We can prove this further by creating a variant of our original table with a nullable column, and another with the same column non-nullable to see the difference.

CREATE TABLE PersonWithNullable(
FirstName char(40),
LastName char(40),
NickName char(40) NULL,
Age int )

INSERT INTO PersonWithNullable VALUES ('Giles','Middleton', NULL, 40 )

EXEC sp_AllocationMetadata 'PersonWithNullable'

Results in:

PersonWithNullable

And when we inspect the page null bitmap, it yeilds (our database is called ‘test’)

DBCC TRACEON (3604);
GO

DBCC PAGE('test', 1,179,3)

Results in
PersonWithNullablePageDump

 

0400  04 is actually

0004 (4 columns in little endian order) plus the null bitmap 04 (00000100)

This ‘3rd bit’ represents column 3. Indicating it is null.

 

Watching the bits go by

To demonstrate this nullable bit pattern, let us create  table of all nulls and fill it with different patterns

CREATE TABLE PersonWithAllNullable(
FirstName char(40) NULL,
LastName char(40) NULL,
NickName char(40) NULL,
Age int NULL )

INSERT INTO PersonWithAllNullable VALUES (NULL,'Middleton', 'Gilesey' ,40 )
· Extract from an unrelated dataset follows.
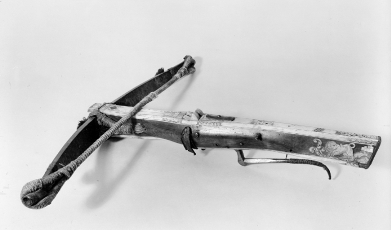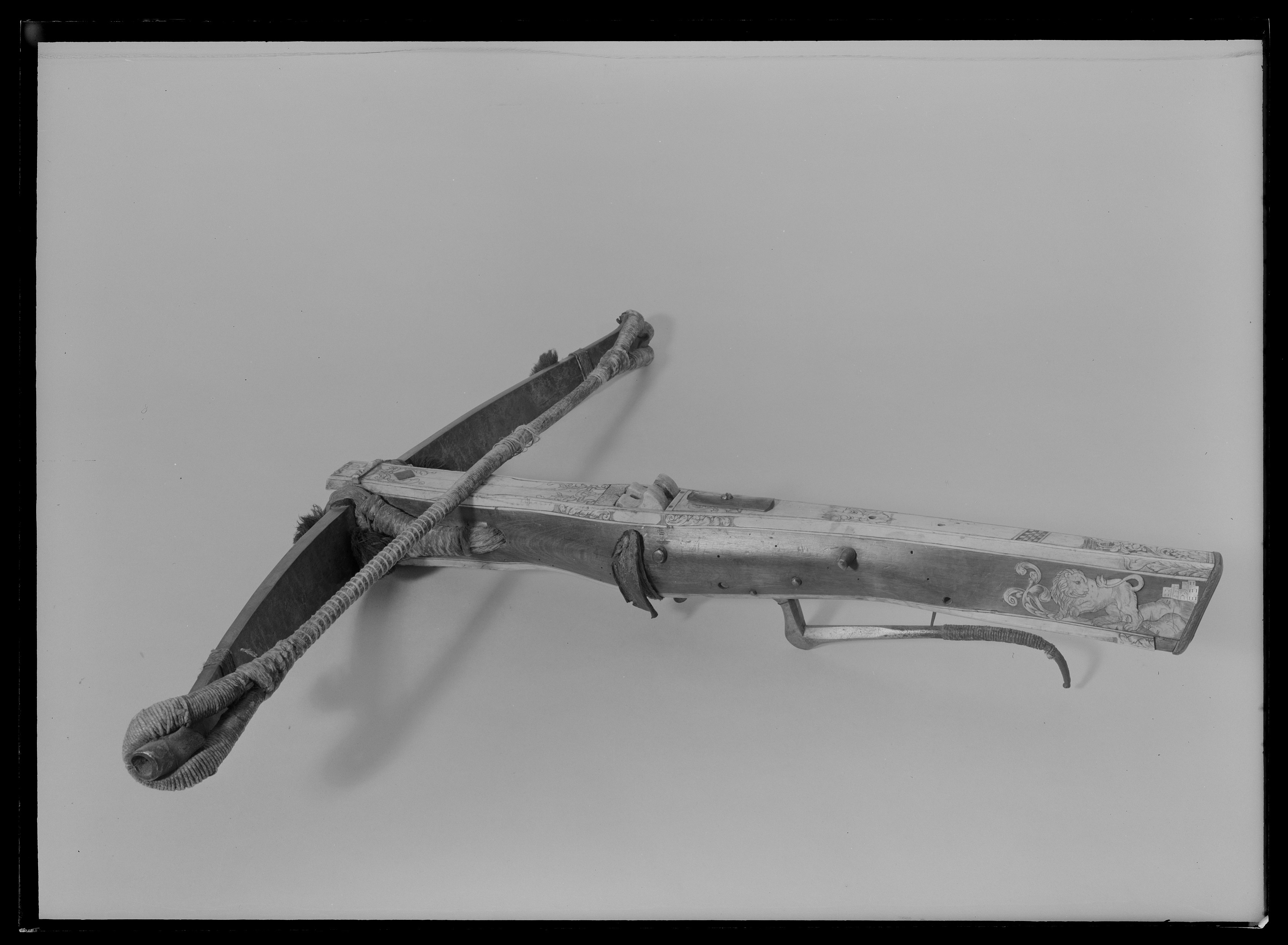 Båge av stål, fästad vid stocken med hampsnöre. På bågen 5 tofsar av svart ylle. Sträng av hampa fästad vid bågen med en skyddande läderbit under. Lås med nöt av ben och pilhållare av horn. Avtryckare med yttre säkring och snälltryck. Stock av trä med rak kolv något antydd vinge. Bakplåt av horn graverat "CHEMNITZ 1734". På anslaget inlagt graverat lejon av ben och ett slott av pärlemor. På stockens över- och undersida heltäckande graverade benplattor med blad och maskaron. Ståltappar för spännande av bågen finns bakom låset. Nöten är fäst med hamptråd som har en skyddande läderrem. Rörlig bygel av stål. Enarmad varbygel av stål med nedåtböjd ytterände som är lindad med hampa.

INSERT INTO PersonWithAllNullable VALUES ('Bob',NULL, 'Bobby' ,41 )

INSERT INTO PersonWithAllNullable VALUES ('Matt','Didd', NULL ,42 )

INSERT INTO PersonWithAllNullable VALUES ('Simon','Hedgeson', 'Hedgey', NULL )

After using our stored procedure and DBCC PAGE we saw…

1FirstNameNull 2LastNameNull 3NickNameNull

4AgeNull

Let’s finish off our test

To make sure I wasn’t imagining things, lets get rid of the nullable columns and see if the bit mask byte is still there.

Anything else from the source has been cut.